_DATA EXCERPTS_
□ □ □ □ □ □ □

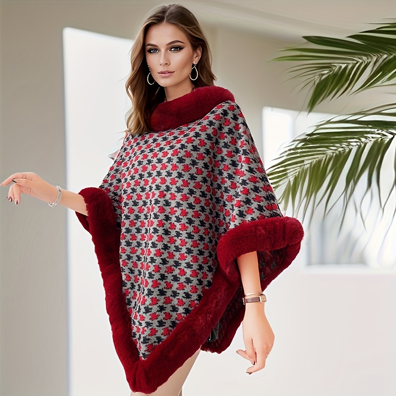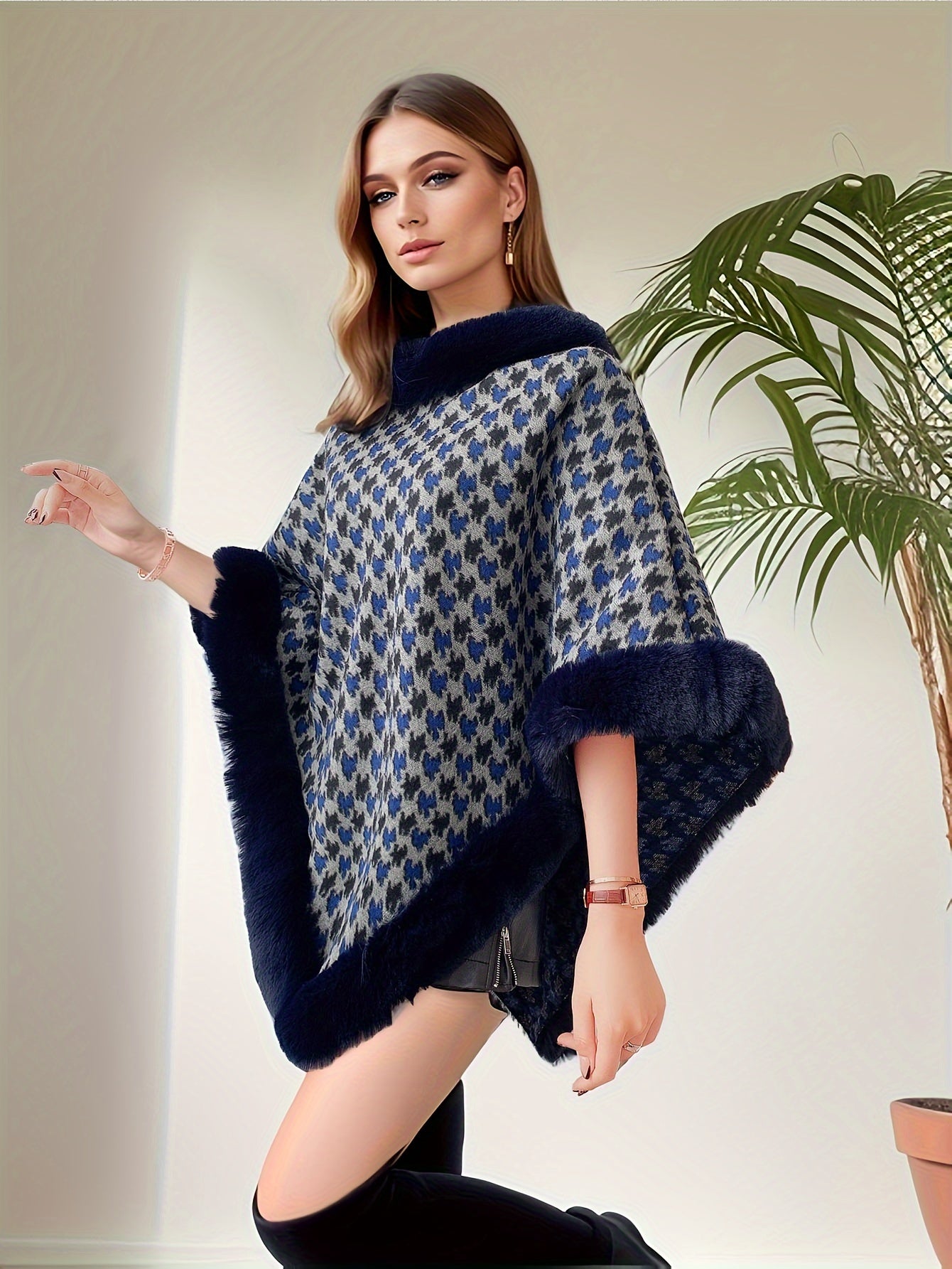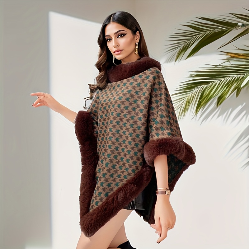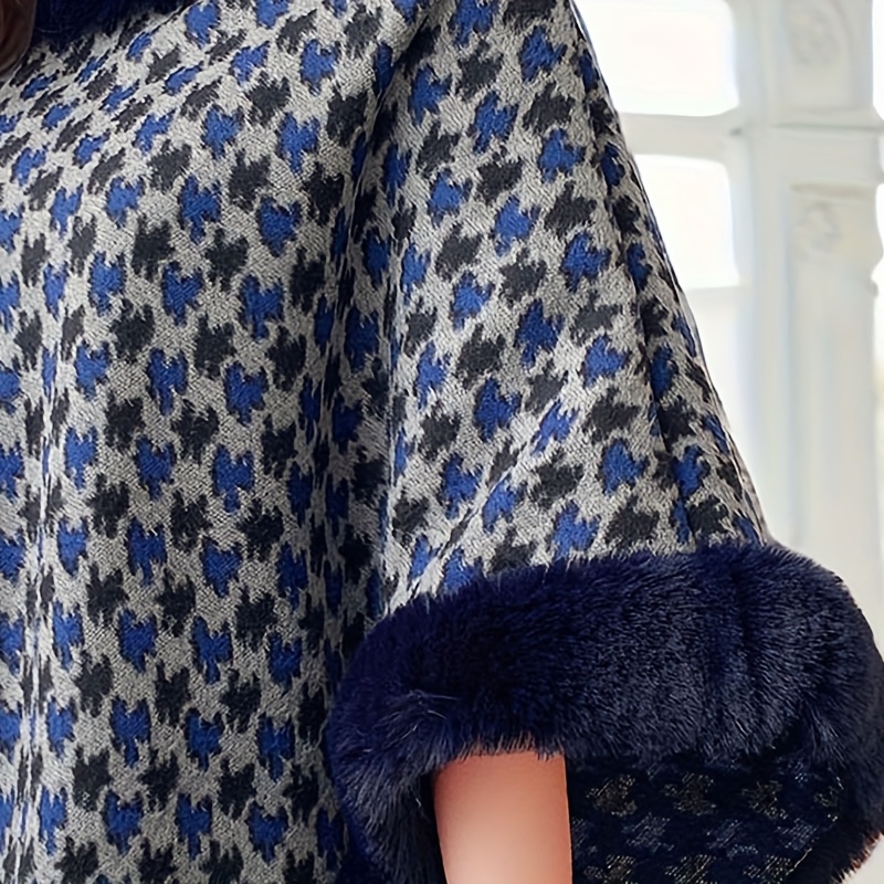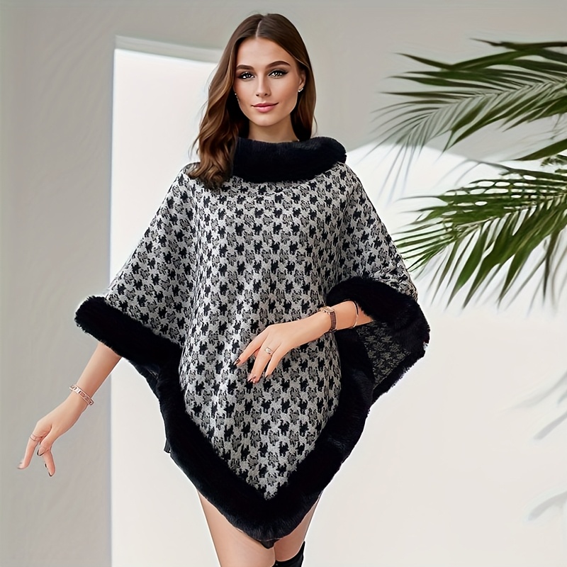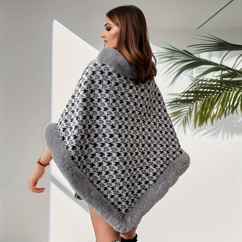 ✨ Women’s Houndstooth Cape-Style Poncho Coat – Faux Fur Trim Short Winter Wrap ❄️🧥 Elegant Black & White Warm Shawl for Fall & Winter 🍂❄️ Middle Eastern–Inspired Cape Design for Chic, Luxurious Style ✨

□ □ □ □ □ □ □

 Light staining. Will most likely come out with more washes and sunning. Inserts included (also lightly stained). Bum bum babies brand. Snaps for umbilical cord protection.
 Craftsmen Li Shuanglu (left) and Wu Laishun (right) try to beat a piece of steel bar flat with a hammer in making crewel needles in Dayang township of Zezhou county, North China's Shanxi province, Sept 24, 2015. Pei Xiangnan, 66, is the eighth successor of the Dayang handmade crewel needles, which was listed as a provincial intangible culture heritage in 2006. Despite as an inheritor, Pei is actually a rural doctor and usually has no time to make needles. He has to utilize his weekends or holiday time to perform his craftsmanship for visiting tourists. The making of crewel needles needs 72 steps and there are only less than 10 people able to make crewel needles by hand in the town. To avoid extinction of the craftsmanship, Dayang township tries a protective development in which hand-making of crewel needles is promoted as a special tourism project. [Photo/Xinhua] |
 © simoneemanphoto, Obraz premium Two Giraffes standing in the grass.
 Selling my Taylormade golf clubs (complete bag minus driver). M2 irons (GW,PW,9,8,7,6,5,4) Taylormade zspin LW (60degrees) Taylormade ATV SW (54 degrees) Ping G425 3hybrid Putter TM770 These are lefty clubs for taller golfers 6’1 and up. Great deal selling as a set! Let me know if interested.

□ □ □ □ □ □ □

_WHAT YOU NEED TO DO_
Look above for the line holding "in the grass.", then set down exactly that line and every line after it up to and including the line holding "Selling my Taylormade", with nothing else.

_RESPONSE FOR THIS EXERCISE_
 © simoneemanphoto, Obraz premium Two Giraffes standing in the grass.
 Selling my Taylormade golf clubs (complete bag minus driver). M2 irons (GW,PW,9,8,7,6,5,4) Taylormade zspin LW (60degrees) Taylormade ATV SW (54 degrees) Ping G425 3hybrid Putter TM770 These are lefty clubs for taller golfers 6’1 and up. Great deal selling as a set! Let me know if interested.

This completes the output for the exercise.